お酒を飲むと酔うのは、お酒にアルコールが含まれているから。ではそのアルコールは、どうやって含まれたのでしょう? 製造工程で加えたの? 世の中にはアルコールを添加して造られる酒もありますが、ほとんどの酒のアルコール成分は『酵母』が造り出したものなのです。

 

酵母は単細胞の微生物で、球形または楕円形をしていて、その直径は5〜10μm。1mmの100分の1以下なので目には見えませんが、花や果実、樹液、土壌など自然界に広く生息しています。なかでも本格焼酎や日本酒、ビール、ワイン、パンの製造に利用されているのは『サッカロミセス・セレビジエ』という種類の酵母です。

 

 

 

 

 

 

 

 

 

 

 

 

 

 

 

 

 

酵母の好物は糖類。酸素のある環境では、ふつうに呼吸しながらブドウ糖(グルコース)を食べて水と二酸化炭素に分解していますが、液体のなかのような酸素のない環境では、ブドウ糖を完全に分解することができず、アルコールと二酸化炭素が残るのです。

 

これが『アルコール発酵』。私たち人間のためにせっせと酒を造ってくれているようですが、じつは酸素のない条件で酵母が生き延びるための手段だったのですね。

 

発酵の歴史は古く、はるか紀元前から人類はパンや酒を造ってきました。でも、酵母や発酵のしくみなどは知る由もありません。自然に存在する酵母を利用していただけなので、うまくいかないことも多く、酒造りも神頼みだったでしょう。
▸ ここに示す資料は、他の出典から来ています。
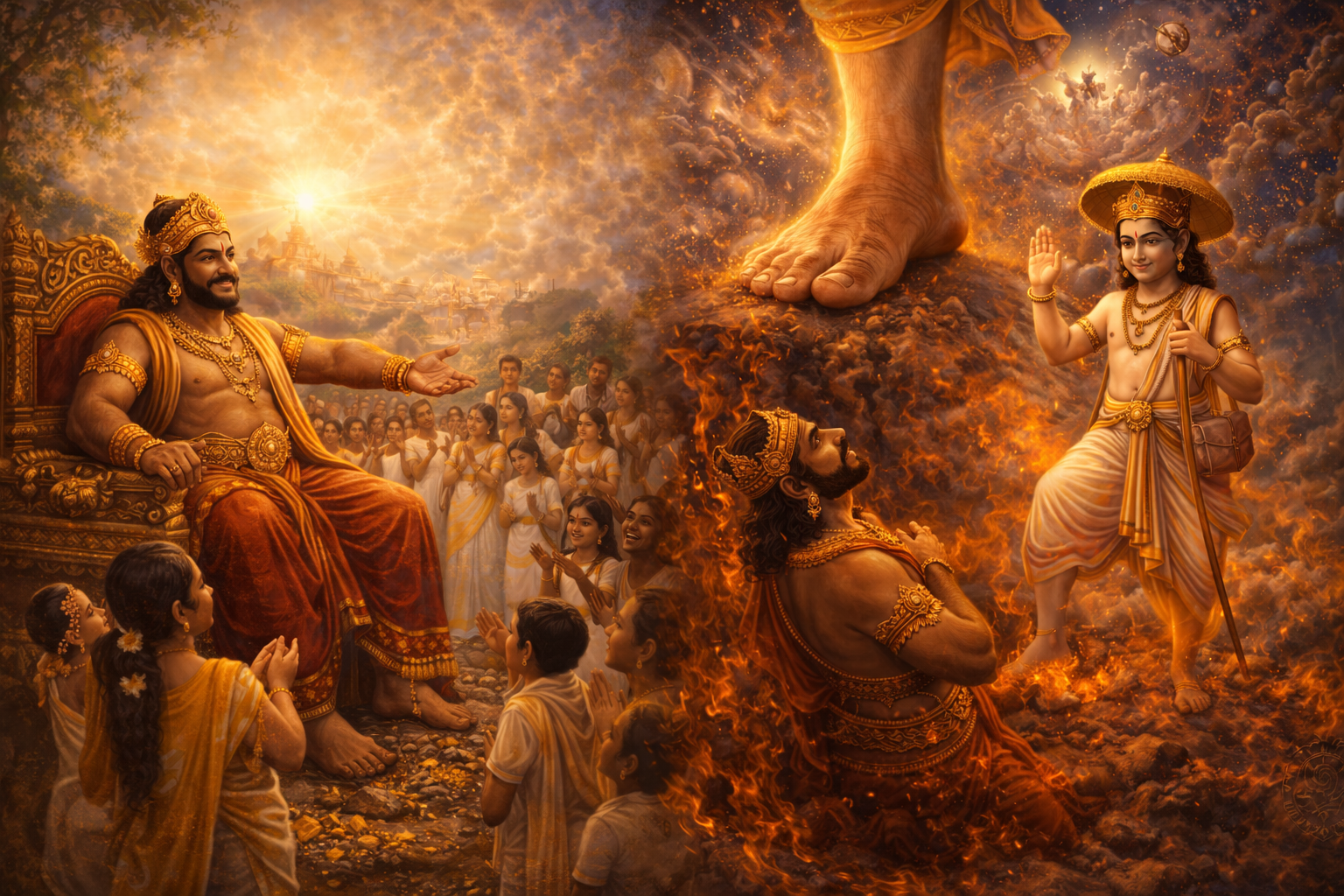 Bhagwan Vishnu, in his Vamana (dwarf) incarnation, approached King Mahabali disguised as a Brahmin and asked for three paces of land. King Mahabali, known for his fairness, agreed to the request. In a miraculous display of divine power, Bhagwan Vishnu took his three strides, covering the entire universe in one step and banishing King Mahabali to the netherworld. Despite this, King Mahabali's devotion to his people was so strong that he was granted permission by Bhagwan Vishnu to visit his kingdom once a year.
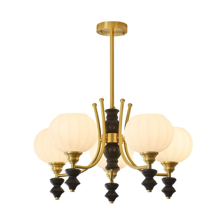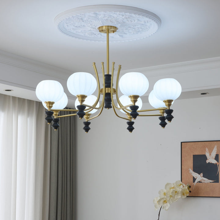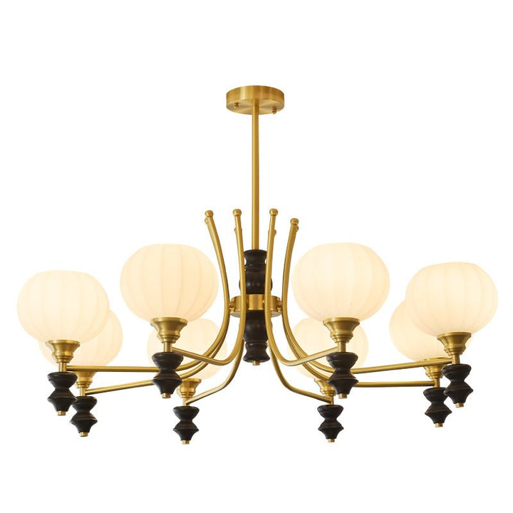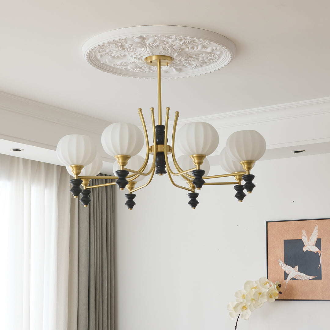 The Lucerna Royale Chandelier by Vakkerlight is a stunning blend of classical grandeur and modern craftsmanship. Designed with a harmonious fusion of wrought iron, glass, and wood, this chandelier features gracefully curved arms supporting delicate, ribbed glass globes that emit a soft, ambient glow. The bold contrast of matte black wood accents against a luxurious gold frame elevates its regal aesthetic, making it a statement piece for sophisticated interiors. Perfect for dining rooms, living spaces, and grand foyers, the Lucerna Royale Chandelier brings timeless elegance to any setting.

発酵に微生物が関わっているのを明らかにしたのは、オランダ人のレーウェンフック(1632〜1723)です。自作した高倍率の顕微鏡で、この大きな発見をし、のちに“微生物学の父”と称えられました。

 

微生物の関与がわかっても、酒造の現場では空気中の酵母に発酵を委ねるしかなく、品質は安定しなかったといいます。優良な酵母を1つだけ取り出して純粋培養する方法が発見されたのは1883年。かつては醸造場に住み着いた「蔵付き酵母」を使って酒造していた蔵もありましたが、現在はほとんどの酒造メーカーが純粋培養された酵母を使ったり、自社の優良な酵母を増殖させて酒造りをしています。

 

純粋培養された酒造酵母にも焼酎用、清酒用、ワイン用と適性があり、それぞれに幾種もの酵母があります。酵母はアルコール発酵のほか香りにも大きく関わるので、どんな酵母を使うかで、お酒の性格も異なってきます。